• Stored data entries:
·····
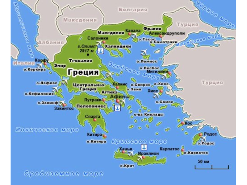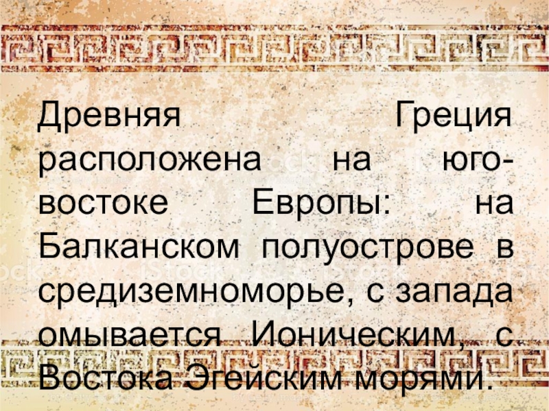 Древняя Греция расположена на юго-востоке Европы: на Балканском полуострове в средиземноморье, с запада омывается Ионическим, с Востока
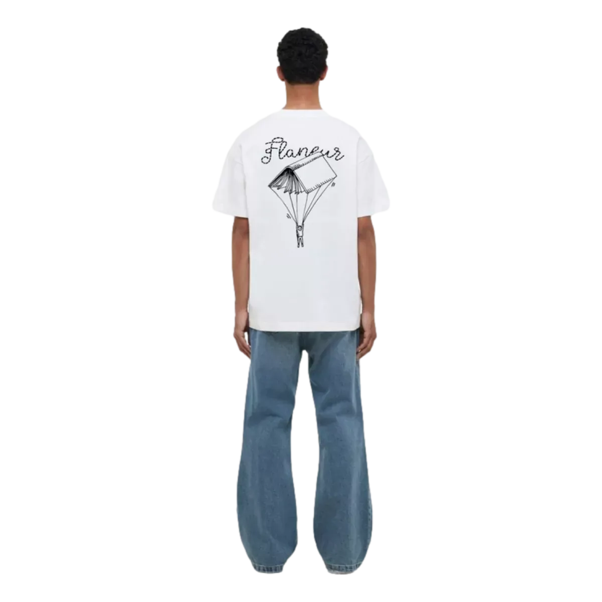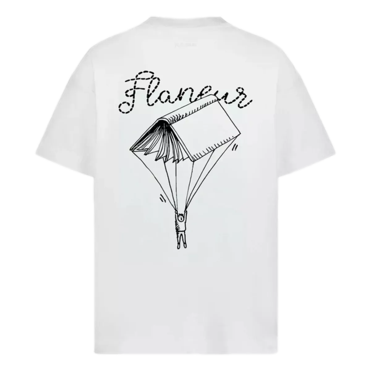 Voor de dromers, denkers en ontdekkers: dit T-shirt van Flaneur brengt stijl en verhaal samen. Met de handgetekende illustratie van een zwevend boek-parachute op voor- en achterkant, is dit shirt een creatieve knipoog naar nieuwsgierigheid en vrijheid. Gemaakt van stevig katoen met een relaxte fit – ideaal voor wie het leven op z’n eigen tempo leest.
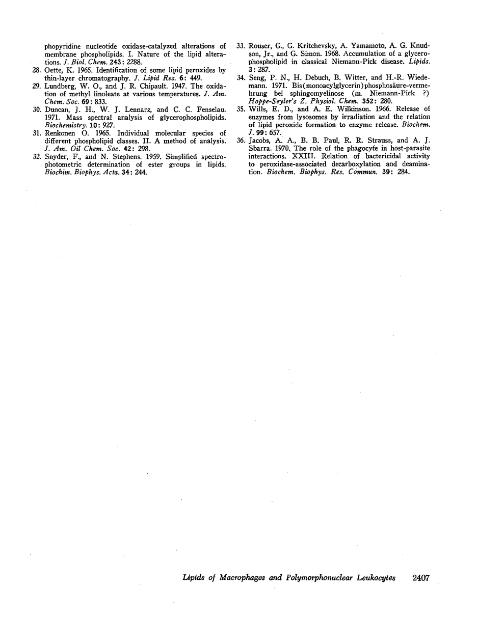 Phagocytic vesicles were isolated from rabbit alveolar macrophages and guinea pig polymorphonuclear leukocytes that had ingested emulsified paraffin oil. Phospholipids and their fatty acids were determined in whole cells and in the phagocytic vesicle and pellet fractions separated from them. The cholesterol-to-phospholipid ratios in the vesicle fractions were distinctly higher than those of the respective whole cells or pellet fractions. The vesicle fractions also had higher phospholipid-to-protein ratios than did the whole cells. The phospholipids of the phagocytic vesicle fraction from macrophages contained relatively more sphingomyelin, lyso-(bis)phosphatidic acid, and phosphatidylserine and less lecithin, phosphatidylethanolamine, and phosphatidylinositol than did the whole cells or pellet fractions. The phospholipids of phagocytic vesicles from polymorphonuclear leukocytes contained significantly more phosphatidylinositol than did the pellet fractions. Lyso(bis)phosphatidic acid, which constituted 15% of the phospholipid in rabbit alveolar macrophages and 25% of that in their phagocytic vesicles, contained almost 60% oleic acid and 20% linoleic acid. This lipid was not detected in rabbit peritoneal macrophages or in rat alveolar macrophages.
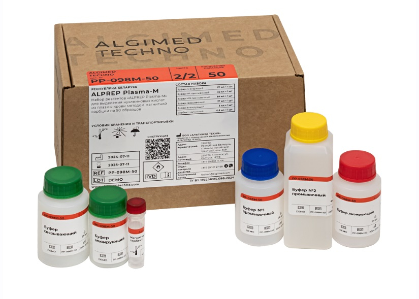 Набор реагентов «ALPREP Plasma-M» для выделения нуклеиновых кислот из плазмы крови на 50 образцов, ТУ BY 193208315.098-2024, кат. PP-098-50 Предназначен для ручного или автоматического выделения ДНК/РНК из плазмы крови человека методом магнитной сорбции.
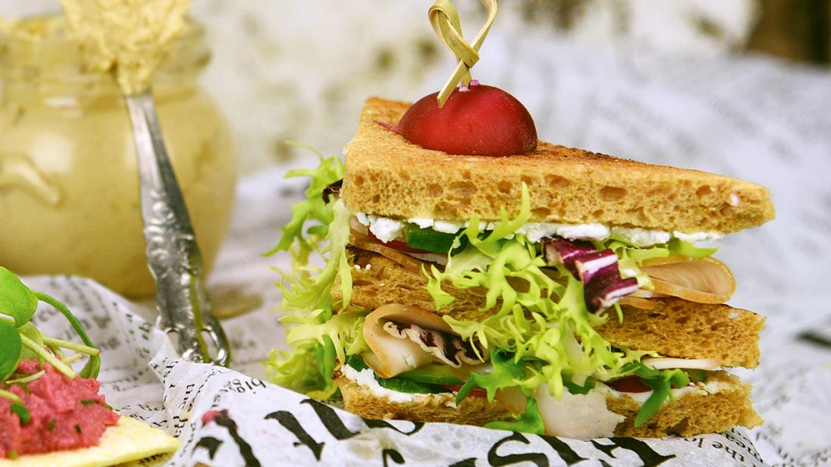 Същото се прави с останалите продукти, като последната филия се слага с намазаната със сирене страна надолу. Слагат се клечки за зъби в срещуположните краища на сандвича и се разрязва по диагонал. Поднасят се веднага.
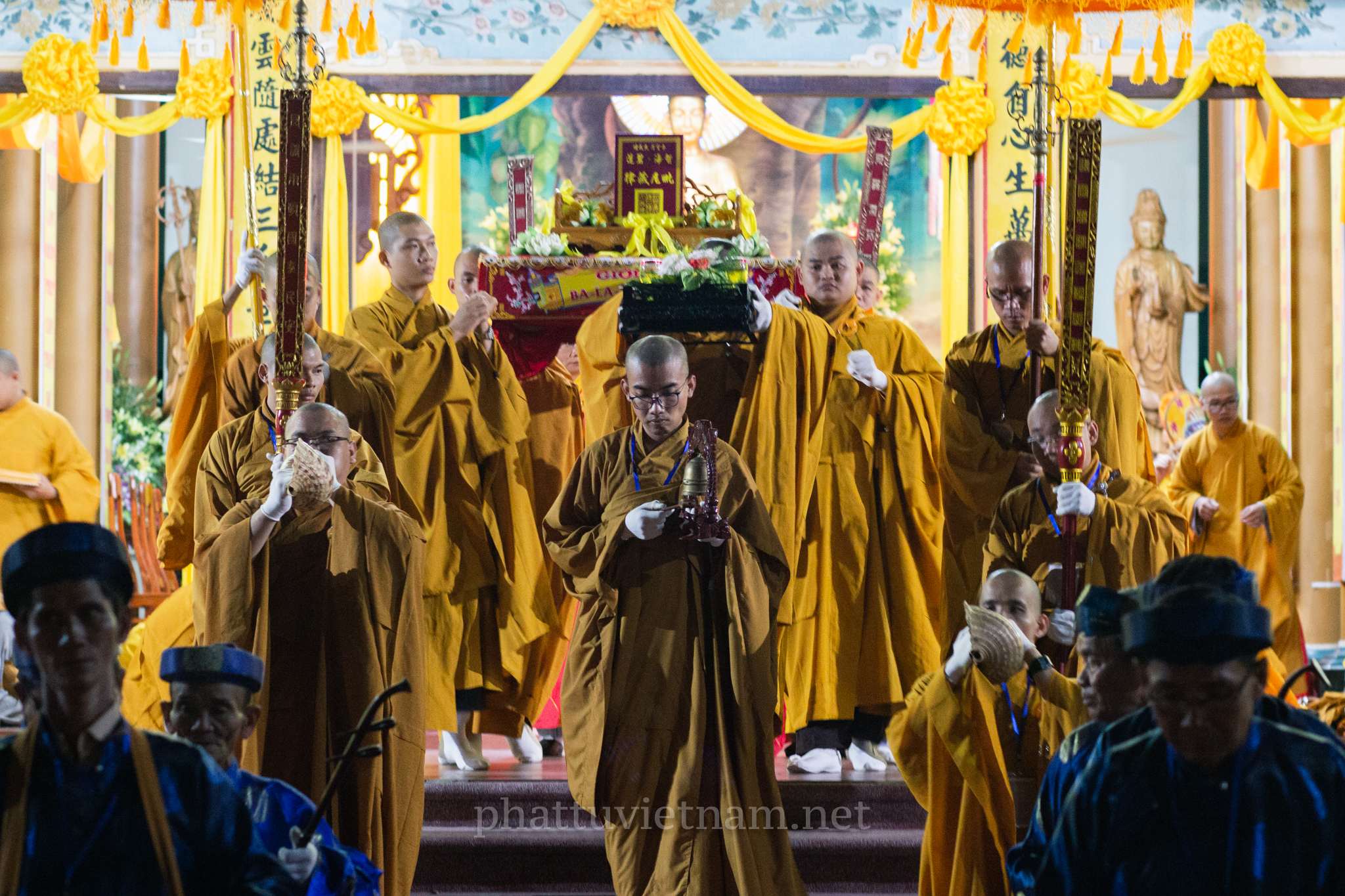 Các giới tử theo sự hướng dẫn của ban dẫn thỉnh lần lượt cung thỉnh Hoà thượng Đường đầu, Hoà thượng Yết ma A-xà-lê, Hoà thượng giáo thọ, chư tôn đức tôn chứng.
·····
• WORK REQUIRED: Only the text of the records belongs in your answer, repeated exactly; the pictures stay out.

• RESULT:
 Древняя Греция расположена на юго-востоке Европы: на Балканском полуострове в средиземноморье, с запада омывается Ионическим, с Востока
 Voor de dromers, denkers en ontdekkers: dit T-shirt van Flaneur brengt stijl en verhaal samen. Met de handgetekende illustratie van een zwevend boek-parachute op voor- en achterkant, is dit shirt een creatieve knipoog naar nieuwsgierigheid en vrijheid. Gemaakt van stevig katoen met een relaxte fit – ideaal voor wie het leven op z’n eigen tempo leest.
 Phagocytic vesicles were isolated from rabbit alveolar macrophages and guinea pig polymorphonuclear leukocytes that had ingested emulsified paraffin oil. Phospholipids and their fatty acids were determined in whole cells and in the phagocytic vesicle and pellet fractions separated from them. The cholesterol-to-phospholipid ratios in the vesicle fractions were distinctly higher than those of the respective whole cells or pellet fractions. The vesicle fractions also had higher phospholipid-to-protein ratios than did the whole cells. The phospholipids of the phagocytic vesicle fraction from macrophages contained relatively more sphingomyelin, lyso-(bis)phosphatidic acid, and phosphatidylserine and less lecithin, phosphatidylethanolamine, and phosphatidylinositol than did the whole cells or pellet fractions. The phospholipids of phagocytic vesicles from polymorphonuclear leukocytes contained significantly more phosphatidylinositol than did the pellet fractions. Lyso(bis)phosphatidic acid, which constituted 15% of the phospholipid in rabbit alveolar macrophages and 25% of that in their phagocytic vesicles, contained almost 60% oleic acid and 20% linoleic acid. This lipid was not detected in rabbit peritoneal macrophages or in rat alveolar macrophages.
 Набор реагентов «ALPREP Plasma-M» для выделения нуклеиновых кислот из плазмы крови на 50 образцов, ТУ BY 193208315.098-2024, кат. PP-098-50 Предназначен для ручного или автоматического выделения ДНК/РНК из плазмы крови человека методом магнитной сорбции.
 Същото се прави с останалите продукти, като последната филия се слага с намазаната със сирене страна надолу. Слагат се клечки за зъби в срещуположните краища на сандвича и се разрязва по диагонал. Поднасят се веднага.
 Các giới tử theo sự hướng dẫn của ban dẫn thỉnh lần lượt cung thỉnh Hoà thượng Đường đầu, Hoà thượng Yết ma A-xà-lê, Hoà thượng giáo thọ, chư tôn đức tôn chứng.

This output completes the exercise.